Sunshine at the top of the Wrekin

Sunshine at the top of the Wrekin

The Wrekin

Find out more about one of Shropshire's most cherished landmarks - the Wrekin.

The Wrekin, although only the 15th highest peak in Shropshire, is arguably the county's most distinctive landmark. It rises to only 1,334ft (406.6m) but the surrounding countryside is flat enough to allow the hill to dominate the landscape.

From the top of the Wrekin you can see the hills of South Shropshire - including Caer Caradoc, the Long Mynd and beyond - as well as the River Severn snaking through the flood plain towards Ironbridge and Buildwas (look out for the chimney stacks of the power station). On a clear day the toposcope points out the distant hills amid a stunning 360 degree view.
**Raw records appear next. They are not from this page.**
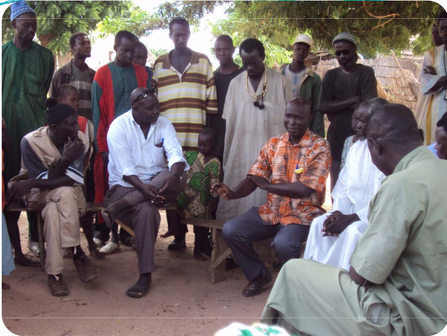
Visite de terrain: Petite Hydraulique villageoise – Ker Set Wolof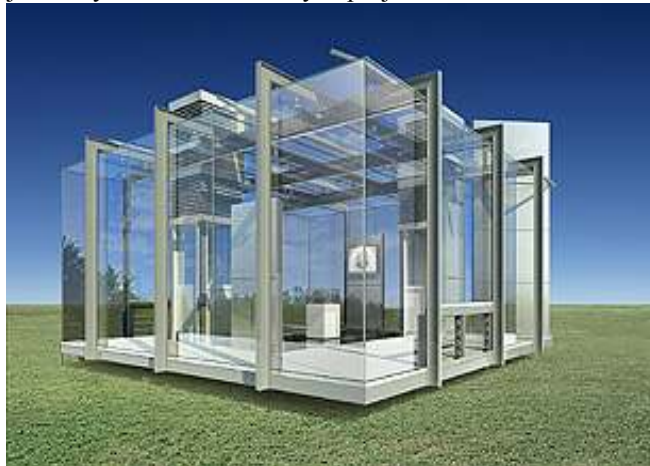
Projekt domu ze szkła australijskiego architekta

Dzisiaj również nie brakuje śmiałych architektonicznych projektów.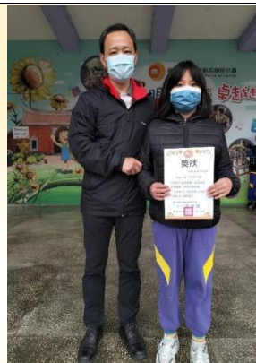
學生朝會頒發品德小天使獎狀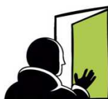
Asbl Sans Logis 135, rue Saint-Laurent 4000 Liège www.sans-logis.be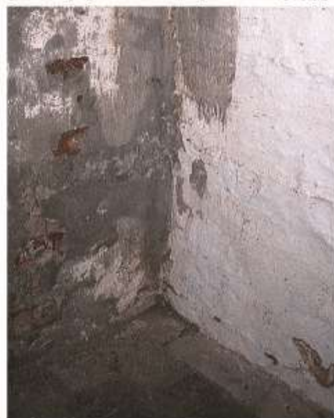
Den äldsta bevarade delen av den ursprungliga matkällaren, där mat och dryck kyldes.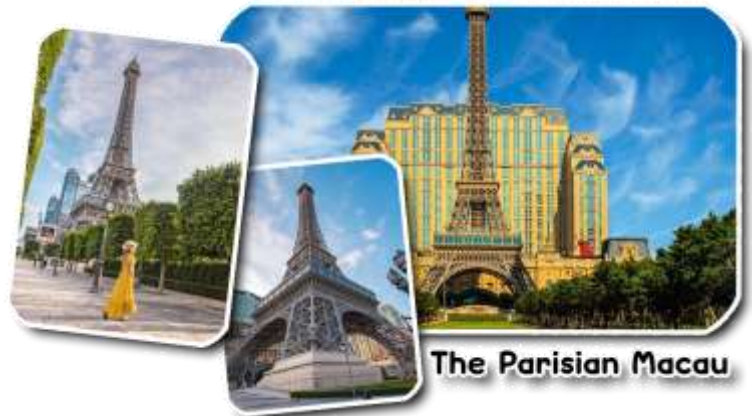
The Parisian Macau

และนำท่านชม The Parisian Macao (เดอะปารีสเซียน มาเก๊า) เป็นอีกหนึ่งแลนด์มาร์คของมาเก๊าที่ได้ยกหอไอเฟลมาจำลองใจกลางเมือง Cotai Strip โรงแรมแห่งนี้ได้รับแรงบันดาลใจมาจากเมืองปารีส ประเทศฝรั่งเศส นครแห่งศิลปะที่มีความงดงามทางด้านสถาปัตยกรรม ความโดดเด่นของหอไอเฟล กลิ่นอายของความคลาสสิกและความโรแมนติกมาไว้ที่โรงแรมแห่งนี้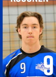
YP | s. 2002 | 191 cm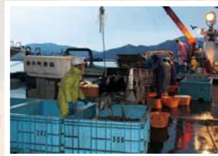
懸命な復旧で水揚げ量が徐々に回復(釜石魚市場)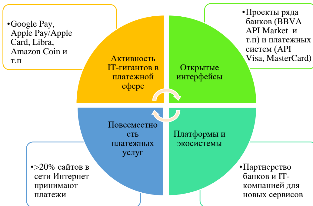
Рисунок 2 – Изменение клиентского опыта и моделей потребления

Таким образом, тренды таковы: более 50% трафика обычных пользователей потребляется с мобильных устройств (смартфоны и т.д.); количество мобильных телефонов в мире превысило количество активных банковских карт; интернет дает возможности быстрого поиска и сопоставления данных; возможность получения информации в режиме онлайн формирует потребность в моментальном осуществлении операций; время, затрачиваемое клиентом на выбор и совершение операций, становится основной ценностью [2].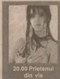
20.00 Prietenul din vis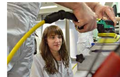
Máquina pulidora: La presión correcta se practica sobre una balanza de cocina.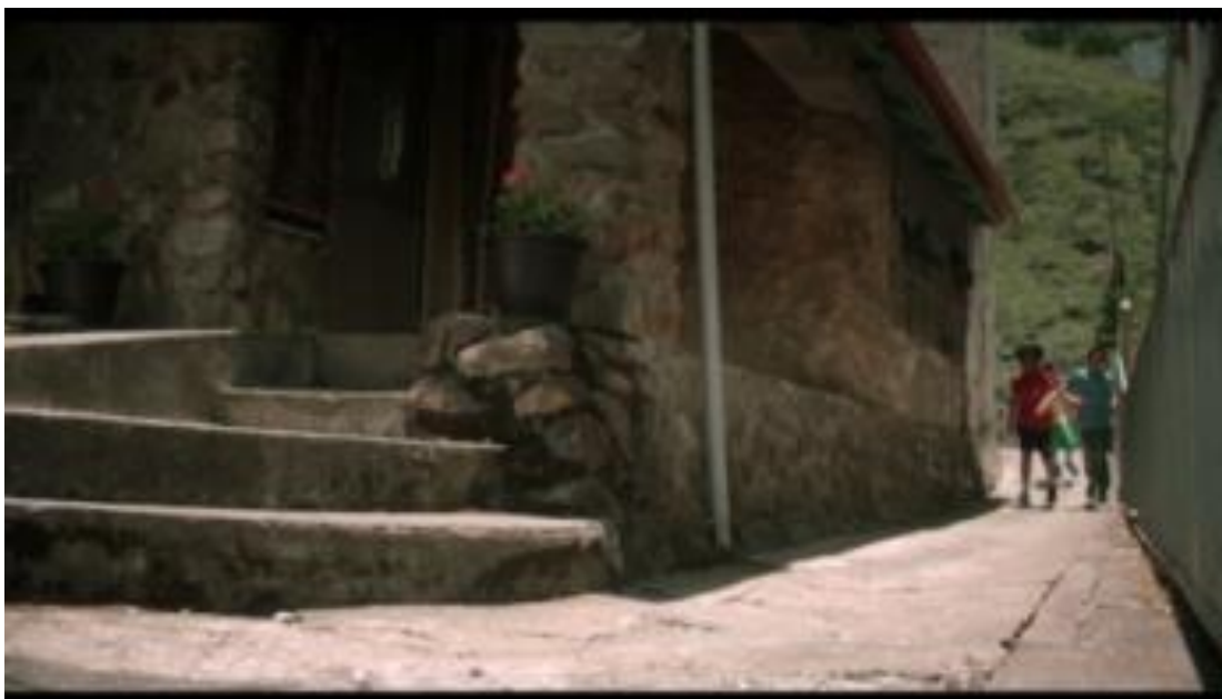
Image 21. Maison en pierre et topographie montagnarde (Film Lokah Laqi )

Dans ces scènes, les images présentent non seulement le genre de vie des aborigènes qui diverge de celui de la précédente ethnologie, mais elles dévoilent aussi la potentielle pauvreté dont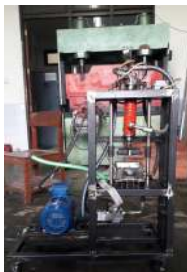
Fig. 1. Prototype.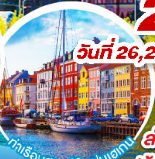
ท่าเรือฮาวน์.โตปเปอร์เกน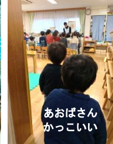
あおばさん かっこいい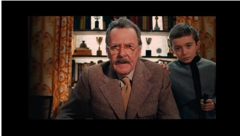
slika 15: Kadar iz filma

Odmah na početku iduće scene dolazi do većih promjena u samoj slici. Format je sa dosadašnjih 1,85:1 iznenada promijenjen na 1,37:1, sugerirajući time neki drugi vremenski period (1930-e). Animirani kadar i Autorova naracija vodi nas preko malog gradića u Alpama, do vrlo poznatog hotela Grand Budapest u nekadašnjem svom živopisnom i kičastom, ali nadasve poštovanom izdanju (slika 16).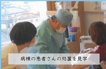
病棟の患者さんの処置を見学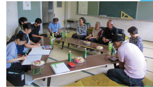
自治区での健康づくり座談会を開催。写真は弥平四郎での打合せの様子

町では一般会計のほか、5つの特別会計と2つの企業会計で事業を行っています。これらの令和3年度の予算総額は35億4,187万円となりました。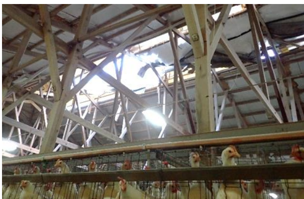
大雪により鶏舎の屋根が損壊し、 早急な鳥インフルエンザ対策が必要(関川村)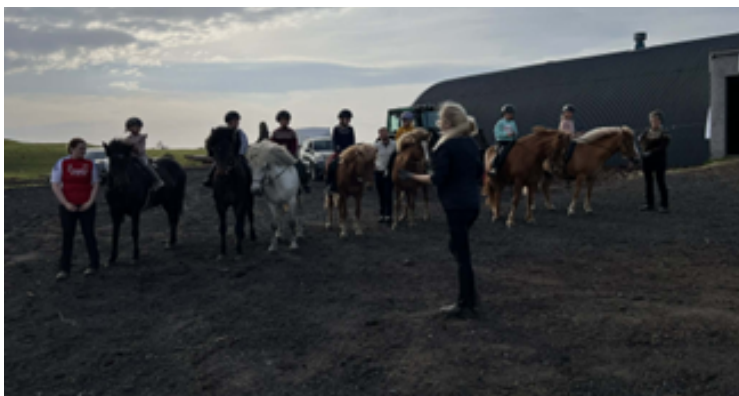
Reiðskóli Hmf. Kóps 2025.

Sameiginlegt Hestaþing Kóps og Sindra var haldið á Sindravelli við Pétursey þann 12.júlí. Þátttaka var góð og veðrið líka og má segja að mótið hafi heppnast mjög vel í alla staði. Að venju áttum við flotta fulltrúa á mótum síðasta sumars þ.m.t. Íslandsmóti, Reykjavíkurmeistaramóti, íþróttamóti Sleipnis, íþróttamóti Geysis og gæðingamótinu á Flúðum.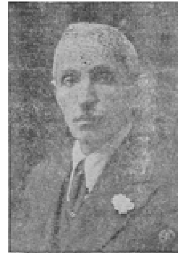
ئەمین زه‌کی به‌گ

تکایه ئەم په‌رسیاره‌م ئاراسته‌ی وه‌زیری به‌رگرییه با وه‌لامی بداته‌وه:

It's also easy to understand why some people declare an almost spiritual connection with the hill. Along with the Iron Bridge, the Wrekin is one of Shropshire's most potent symbols, and climbing it has become a rite of passage for people across the county. Travelling home on the A5/M54, the sight of the Wrekin reminds many that they are almost home.

So what do we know about the Wrekin?

It's formed from some of the oldest rock in the area (Cambrian period, 545-510 million years ago), including lava and volcanic ash. However, it isn't an extinct volcano, as popular belief would have it.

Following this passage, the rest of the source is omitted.